Monday, Jul. 30, 1951
Discs from Hong Kong
In the teashops of lower Manhattan's picturesque Chinatown, clusters of approving residents listened last week to a novel disc-jockey show, broadcast in Chinese on WHOM's FM band. The radio voice, announcing numbers, conducting interviews and reading news summaries, was that of a young (28) housewife, Louie Rang. The records, mostly imported from Hong Kong, included Westernized Chinese pop tunes (Rose, Rose, I Love You) as well as the high-pitched metallic native songs of the country.
WHOM, busiest foreign-language station in the U.S., has broadcast shows in 12 tongues, including Swiss-German and Ukrainian, but until this summer New York's 50,000 Chinese residents had never had a regular show in their own language. The idea was dreamed up by Kang's husband, Louie Chu, proprietor of a small radio and miscellany shop on Bayard Street in Chinatown, and his friend Lyle Stuart, a novelist (God Wears a Bow Tie). Stuart, once on the staff of Variety, had friends in radio and arranged to get the program a tryout on WHOM. It was launched as a 90-minute, once-a-week show earlier this month, and went over big with its highly specialized audience; Mrs. Louie's first offer to play request numbers kept the studio phone ringing constantly. By last week two sponsors had signed up, others were interested, and the partners were planning to put the program on five days a week beginning in September.

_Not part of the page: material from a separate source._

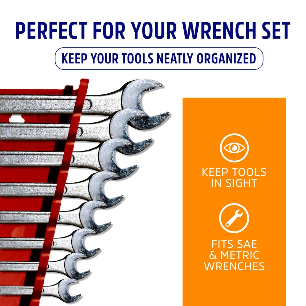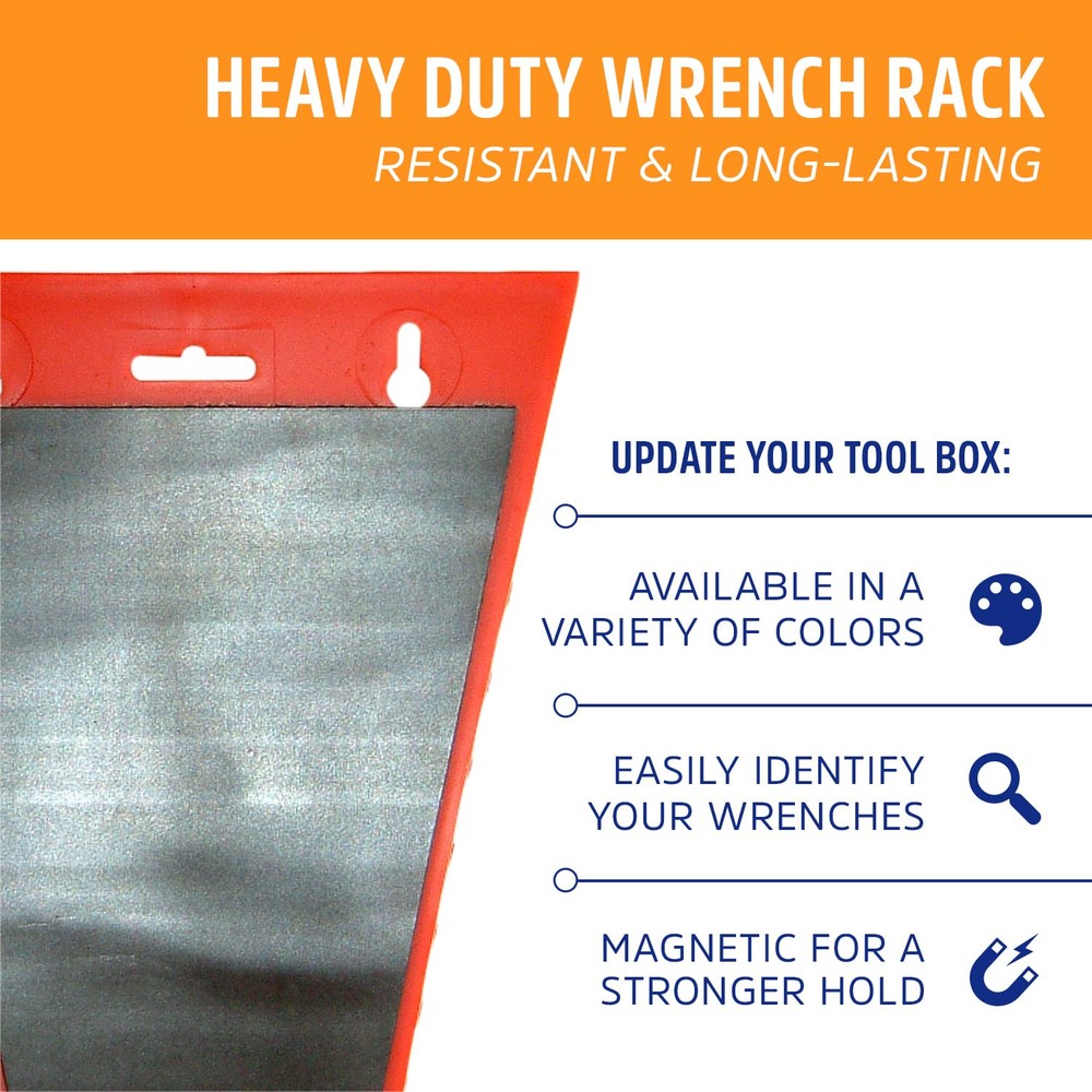 Update your tool box or tool cart and keep your tools organized with 's Wrench Rack (The Original!), avaialable in 12 or 15 piece, standard or reverse. Wall set-up is also an option to keep your wrenches neatly organized. Long gone are the days of looking for a specific-sized wrench at the bottom of your tool box, or going through drawer after drawer of piled up debris. With the Wrench Rack, your tools are within your line of sight, always, making it easy to find the right wrench for the job, no matter what the job might be. Available in a variety of colors, our wrench rack easily adapts to the atmosphere set up in your workplace, seamlessly becoming a part of it. Superior Organization: Keep your tool box organized and stop wasting time searching for the wrench you need; Our 12 or 15 piece wrench holder keeps them all organized and clearly in sight instead of floating around in a drawer, ready to be used when you need them Easily Mounted: This Wrench Rack can also be installed easily, and hanging your tools on the wall keeps them within your line of sight, allowing you to identify the correct wrench for the job at a glance; Save the time that would be wasted hunting for the right tool, and get your projects done faster! Highly Durable: Made from high density plastic material, which provides durability, impact resistance, and longevity; A tool organizer that will be a part of your setup for years to come, backed by quality and Made in the USA! Versatile: Fits both SAE & metric wrenches, and holds wrenches from 1/4" to 1" and 6 mm to 24 mm; Perfect for your current wrench set and for setting up a new as well! It is also designed to fit all of your wrenches in a 1” height drawer in your tool box or cart About : manufactures protective covers, plastic injection molded products, fluidized coated products, coatings, products, and custom packaging, all proudly Made in the USA since 1977

Stuart and Louie turned out the first script, and are still writing them together. After they have done a draft in English, Louie translates it to his wife, who cannot speak English, and she transcribes it into Cantonese, understood by 90% of the Chinatown people.
For Mrs. Louie, the show's expansion may mean giving up some of her quiet life as a Chinese housewife, and becoming a career girl. Her only comment on the program was like nothing ever uttered by a disc jockey before: "I hope that I can do better than I am doing now."